▶ **WORK ORDER**
Nothing but the pictures should go missing; return all the entries below exactly.

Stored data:
————————

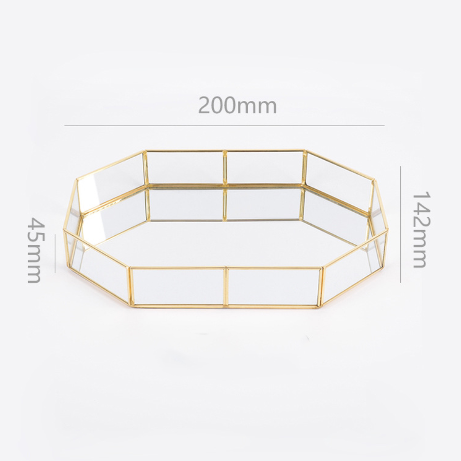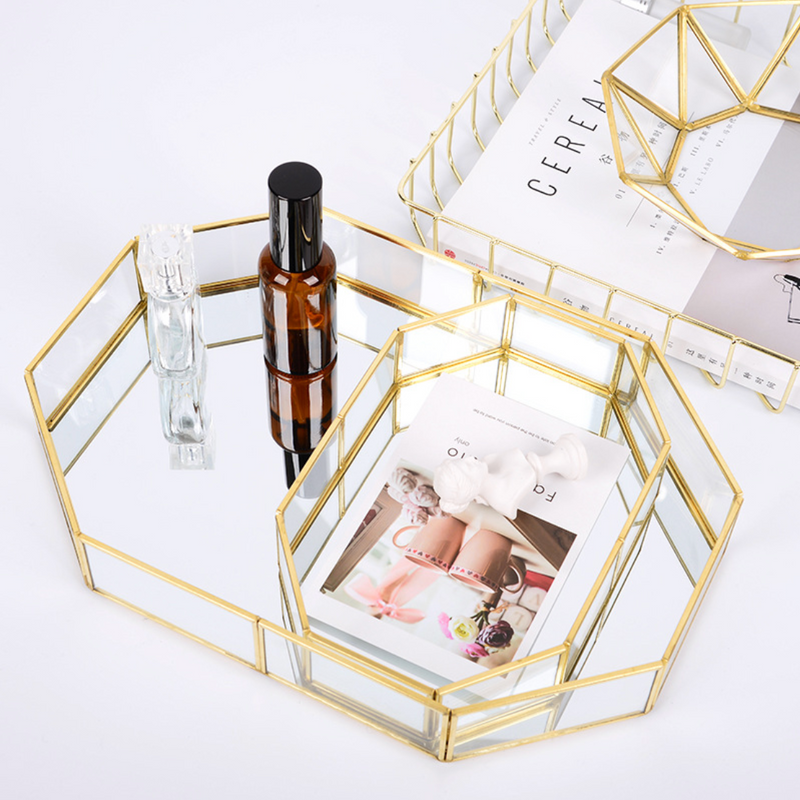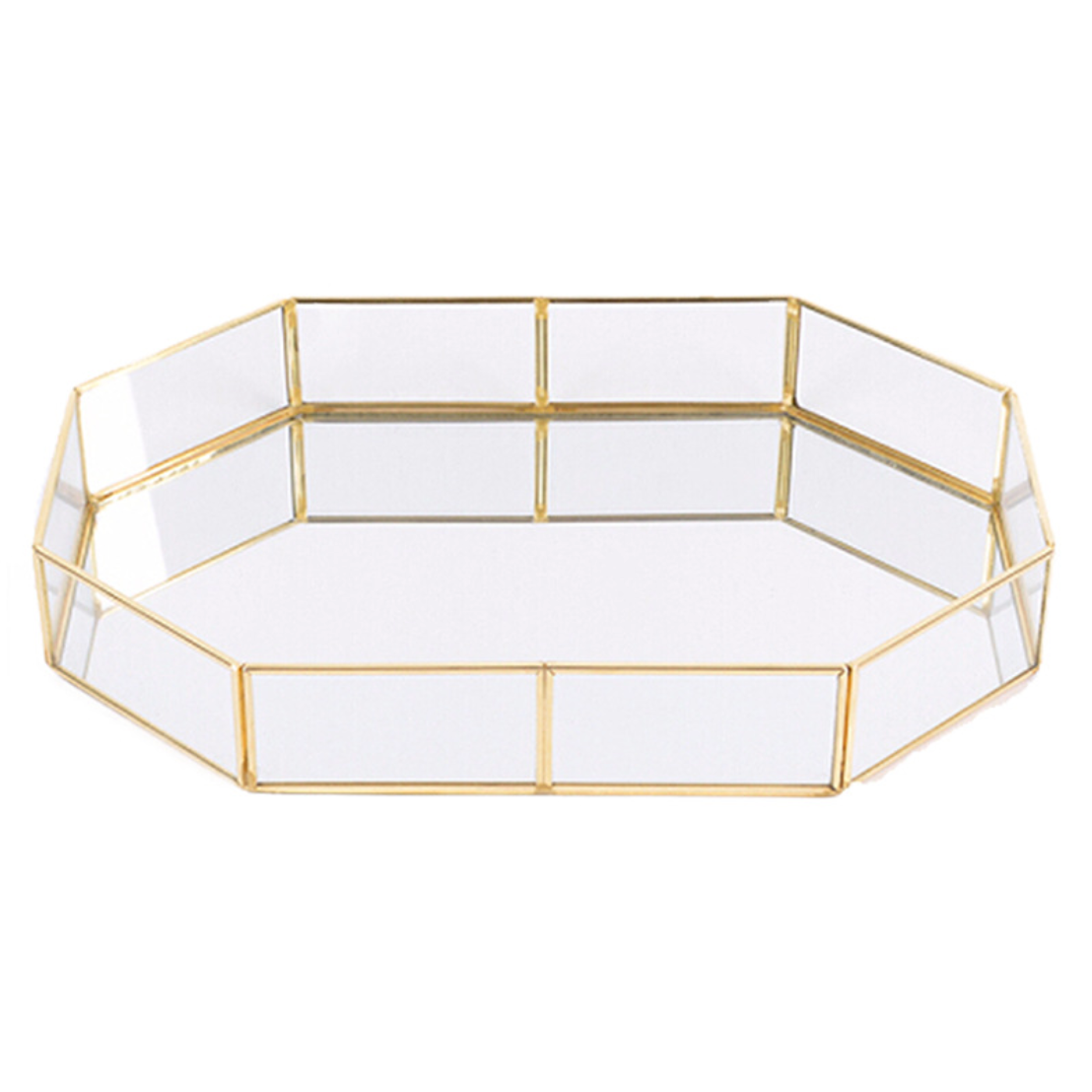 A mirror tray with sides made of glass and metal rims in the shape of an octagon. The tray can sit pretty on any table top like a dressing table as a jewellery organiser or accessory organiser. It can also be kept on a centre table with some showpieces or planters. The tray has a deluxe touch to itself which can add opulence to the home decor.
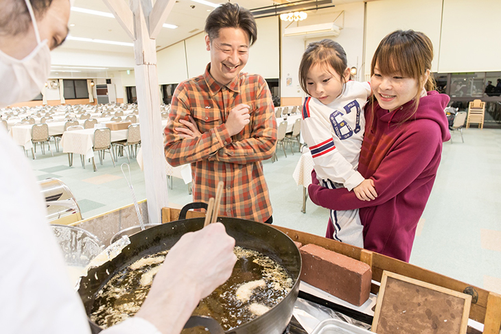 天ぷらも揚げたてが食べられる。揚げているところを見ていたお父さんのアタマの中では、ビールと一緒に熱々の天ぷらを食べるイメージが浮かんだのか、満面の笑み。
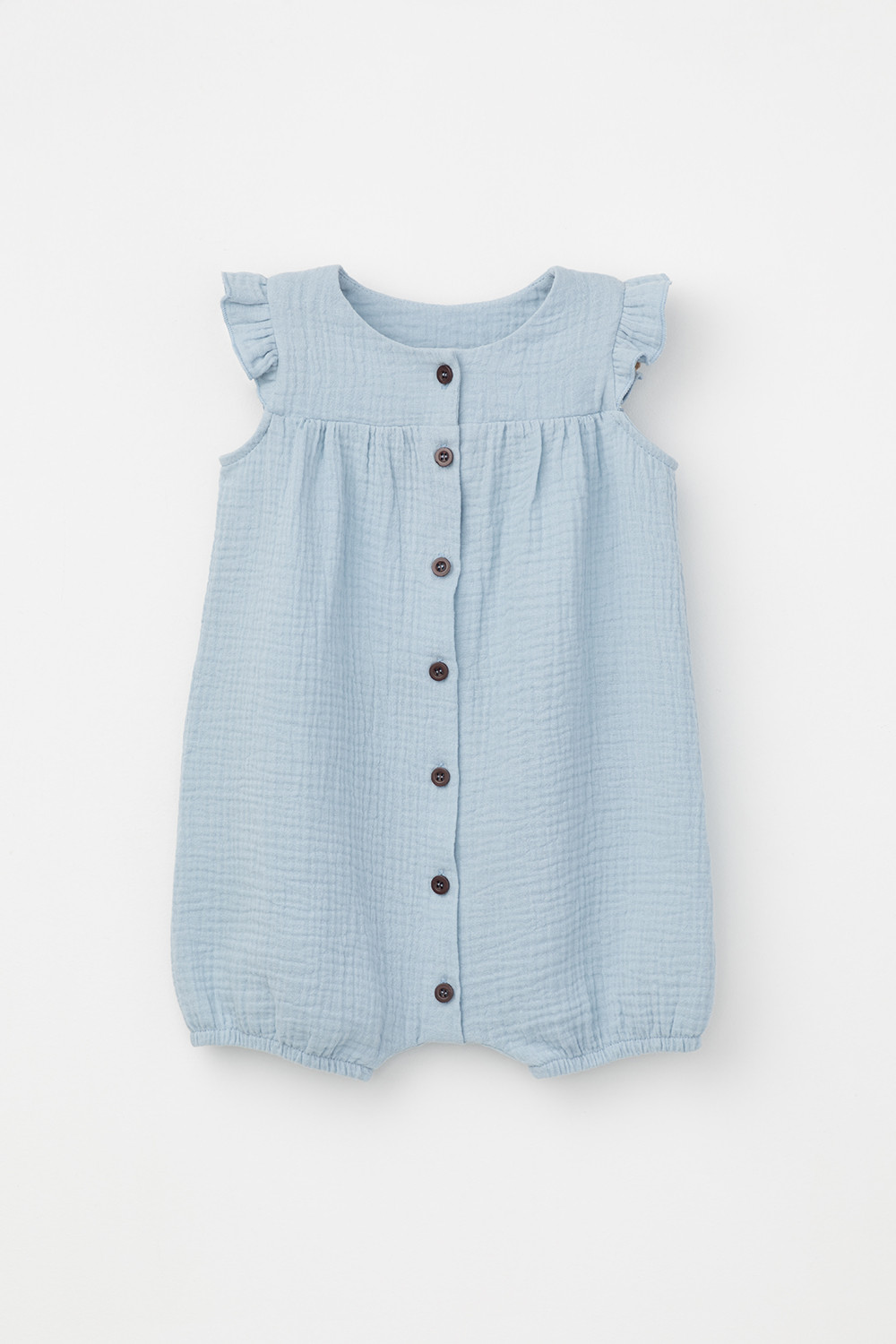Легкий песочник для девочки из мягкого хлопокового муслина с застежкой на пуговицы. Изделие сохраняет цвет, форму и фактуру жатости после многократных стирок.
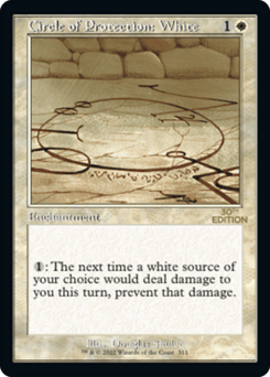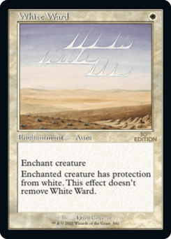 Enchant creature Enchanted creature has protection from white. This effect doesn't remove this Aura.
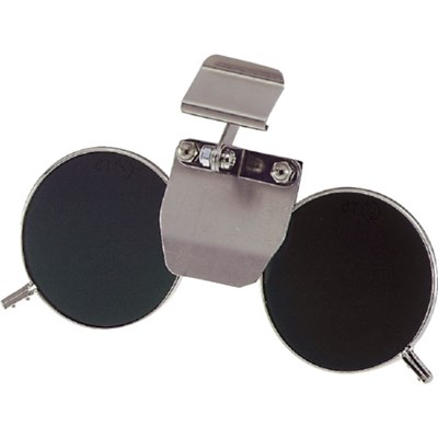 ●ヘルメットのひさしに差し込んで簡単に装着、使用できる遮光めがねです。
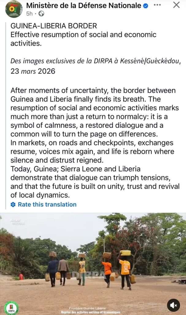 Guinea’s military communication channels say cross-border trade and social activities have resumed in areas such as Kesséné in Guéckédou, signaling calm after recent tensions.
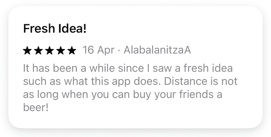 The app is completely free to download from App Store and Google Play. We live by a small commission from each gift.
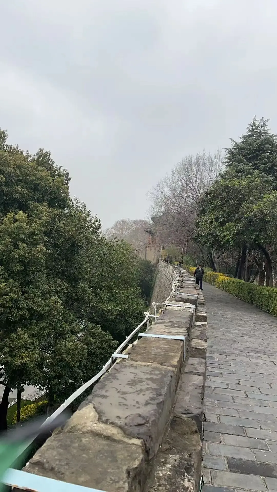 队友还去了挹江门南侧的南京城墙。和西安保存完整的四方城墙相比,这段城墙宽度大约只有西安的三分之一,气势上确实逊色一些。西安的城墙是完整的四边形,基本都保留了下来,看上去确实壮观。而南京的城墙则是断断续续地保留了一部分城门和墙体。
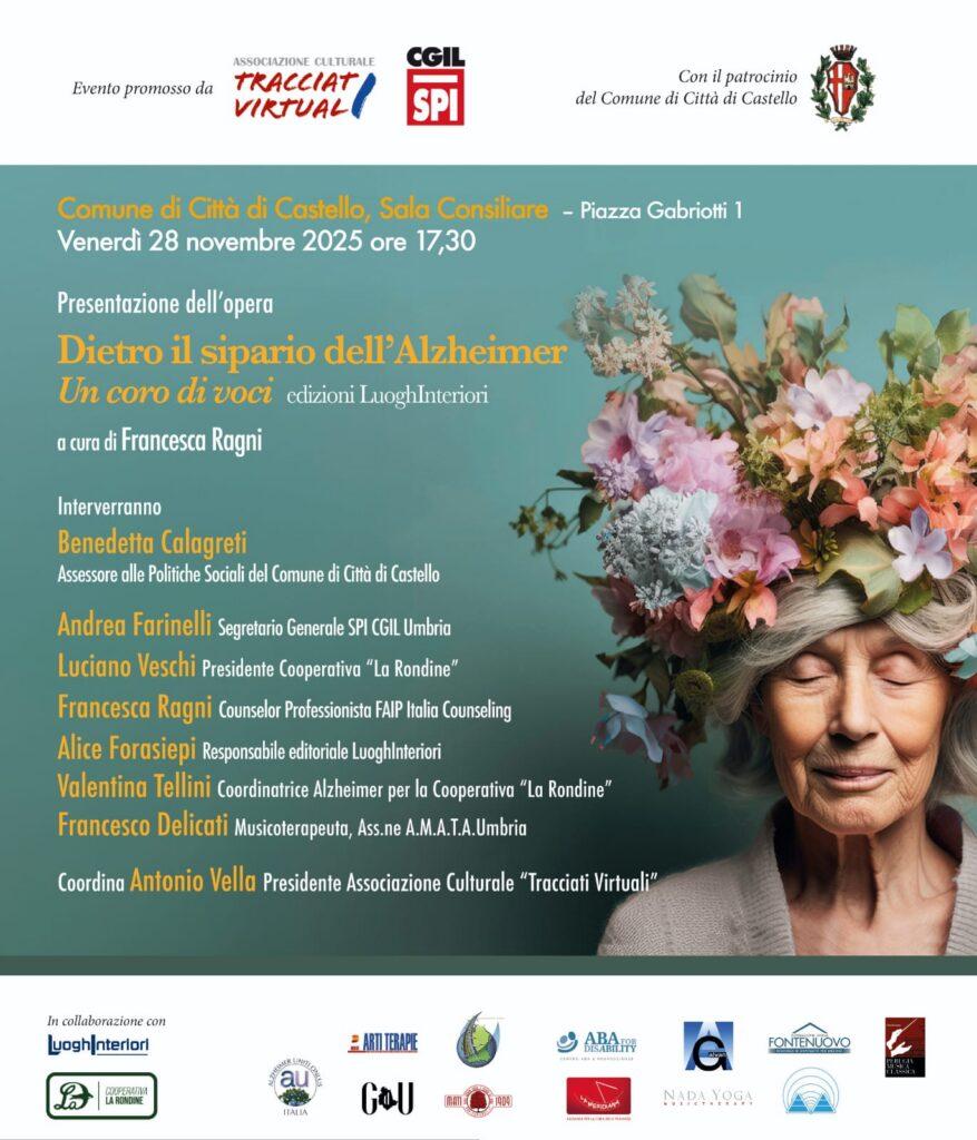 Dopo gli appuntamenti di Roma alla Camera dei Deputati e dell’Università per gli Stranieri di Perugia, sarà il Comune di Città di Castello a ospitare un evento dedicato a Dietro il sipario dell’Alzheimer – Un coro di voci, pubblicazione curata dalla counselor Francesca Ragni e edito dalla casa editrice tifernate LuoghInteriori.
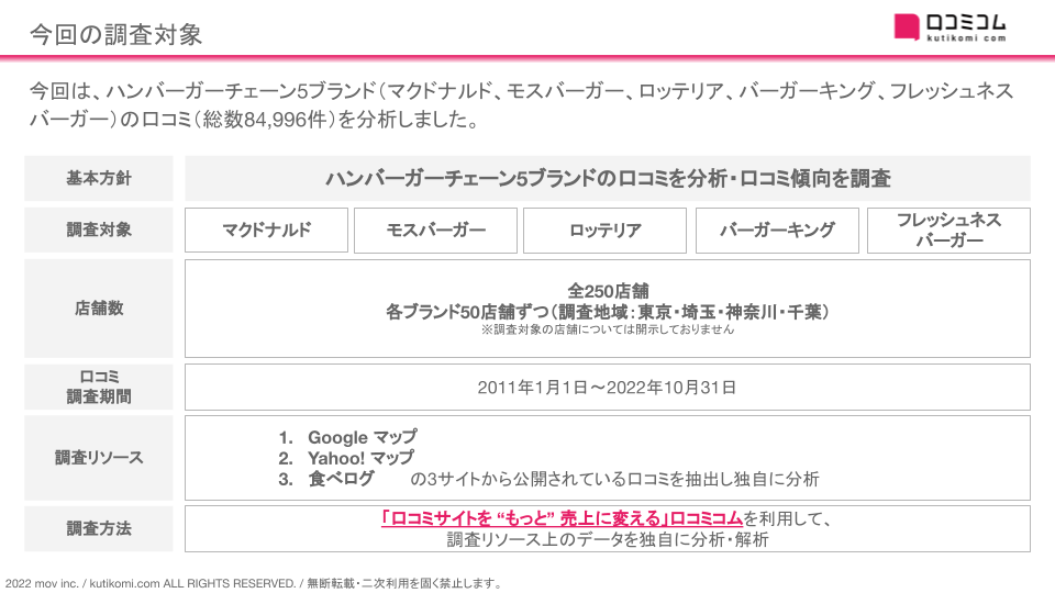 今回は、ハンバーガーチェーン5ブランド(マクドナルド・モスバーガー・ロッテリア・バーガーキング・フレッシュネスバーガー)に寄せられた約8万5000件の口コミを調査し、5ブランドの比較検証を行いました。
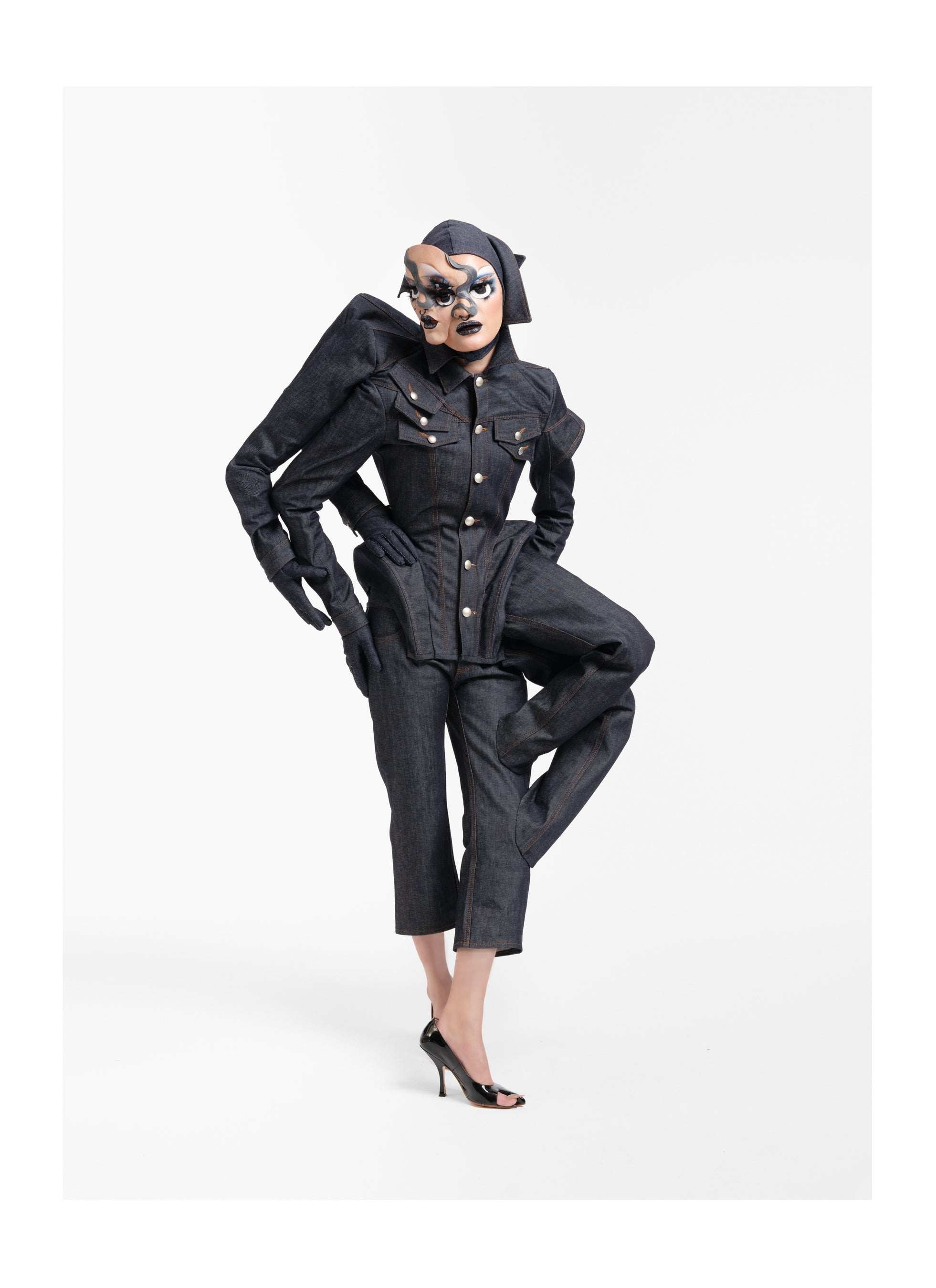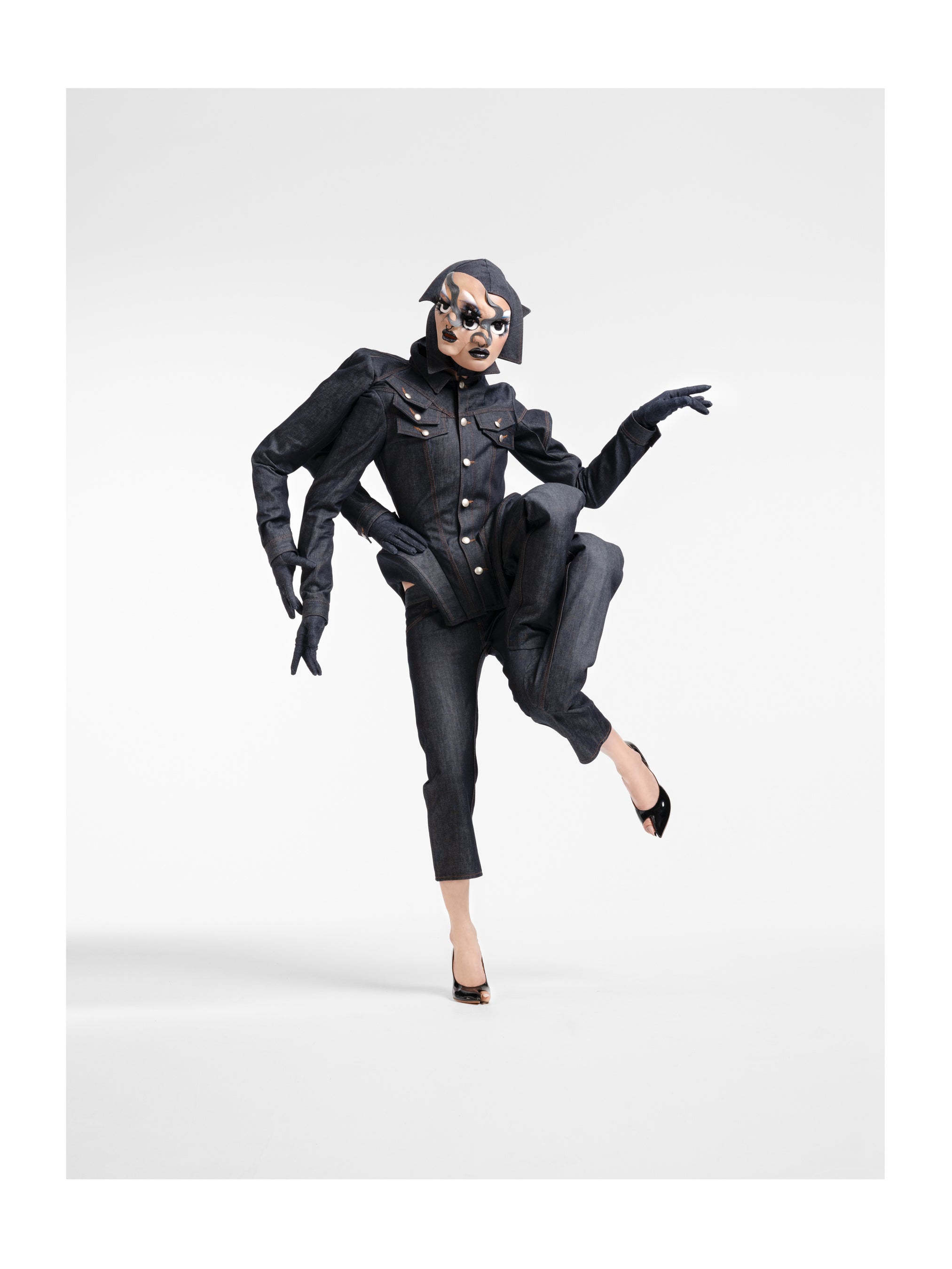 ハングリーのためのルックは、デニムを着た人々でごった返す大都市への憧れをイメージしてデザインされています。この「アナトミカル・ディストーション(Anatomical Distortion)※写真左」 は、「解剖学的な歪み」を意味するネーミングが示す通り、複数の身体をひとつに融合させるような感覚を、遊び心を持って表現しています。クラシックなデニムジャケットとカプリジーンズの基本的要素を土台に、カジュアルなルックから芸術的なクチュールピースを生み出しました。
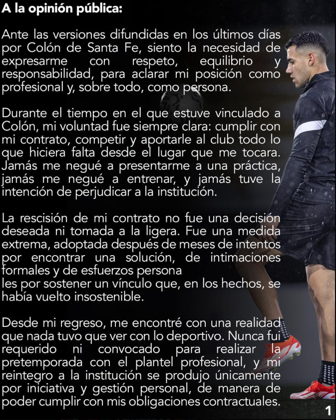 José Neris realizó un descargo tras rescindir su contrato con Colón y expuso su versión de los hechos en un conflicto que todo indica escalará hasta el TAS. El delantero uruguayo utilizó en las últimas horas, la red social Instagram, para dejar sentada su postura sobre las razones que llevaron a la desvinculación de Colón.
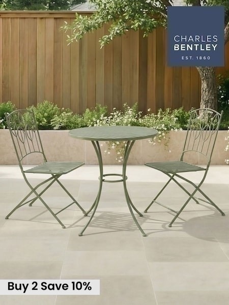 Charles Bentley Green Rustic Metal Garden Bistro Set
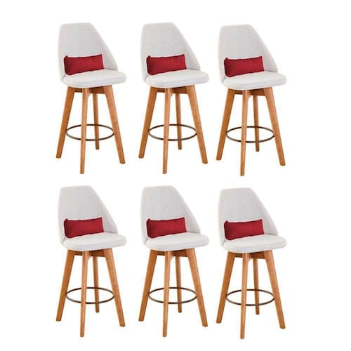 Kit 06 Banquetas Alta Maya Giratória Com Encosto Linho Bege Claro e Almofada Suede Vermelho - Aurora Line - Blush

————————

▶ **SOLUTION TO THIS TASK**
 A mirror tray with sides made of glass and metal rims in the shape of an octagon. The tray can sit pretty on any table top like a dressing table as a jewellery organiser or accessory organiser. It can also be kept on a centre table with some showpieces or planters. The tray has a deluxe touch to itself which can add opulence to the home decor.
 天ぷらも揚げたてが食べられる。揚げているところを見ていたお父さんのアタマの中では、ビールと一緒に熱々の天ぷらを食べるイメージが浮かんだのか、満面の笑み。
Легкий песочник для девочки из мягкого хлопокового муслина с застежкой на пуговицы. Изделие сохраняет цвет, форму и фактуру жатости после многократных стирок.
 Enchant creature Enchanted creature has protection from white. This effect doesn't remove this Aura.
 ●ヘルメットのひさしに差し込んで簡単に装着、使用できる遮光めがねです。
 Guinea’s military communication channels say cross-border trade and social activities have resumed in areas such as Kesséné in Guéckédou, signaling calm after recent tensions.
 The app is completely free to download from App Store and Google Play. We live by a small commission from each gift.
 队友还去了挹江门南侧的南京城墙。和西安保存完整的四方城墙相比,这段城墙宽度大约只有西安的三分之一,气势上确实逊色一些。西安的城墙是完整的四边形,基本都保留了下来,看上去确实壮观。而南京的城墙则是断断续续地保留了一部分城门和墙体。
 Dopo gli appuntamenti di Roma alla Camera dei Deputati e dell’Università per gli Stranieri di Perugia, sarà il Comune di Città di Castello a ospitare un evento dedicato a Dietro il sipario dell’Alzheimer – Un coro di voci, pubblicazione curata dalla counselor Francesca Ragni e edito dalla casa editrice tifernate LuoghInteriori.
 今回は、ハンバーガーチェーン5ブランド(マクドナルド・モスバーガー・ロッテリア・バーガーキング・フレッシュネスバーガー)に寄せられた約8万5000件の口コミを調査し、5ブランドの比較検証を行いました。
 ハングリーのためのルックは、デニムを着た人々でごった返す大都市への憧れをイメージしてデザインされています。この「アナトミカル・ディストーション(Anatomical Distortion)※写真左」 は、「解剖学的な歪み」を意味するネーミングが示す通り、複数の身体をひとつに融合させるような感覚を、遊び心を持って表現しています。クラシックなデニムジャケットとカプリジーンズの基本的要素を土台に、カジュアルなルックから芸術的なクチュールピースを生み出しました。
 José Neris realizó un descargo tras rescindir su contrato con Colón y expuso su versión de los hechos en un conflicto que todo indica escalará hasta el TAS. El delantero uruguayo utilizó en las últimas horas, la red social Instagram, para dejar sentada su postura sobre las razones que llevaron a la desvinculación de Colón.
 Charles Bentley Green Rustic Metal Garden Bistro Set
 Kit 06 Banquetas Alta Maya Giratória Com Encosto Linho Bege Claro e Almofada Suede Vermelho - Aurora Line - Blush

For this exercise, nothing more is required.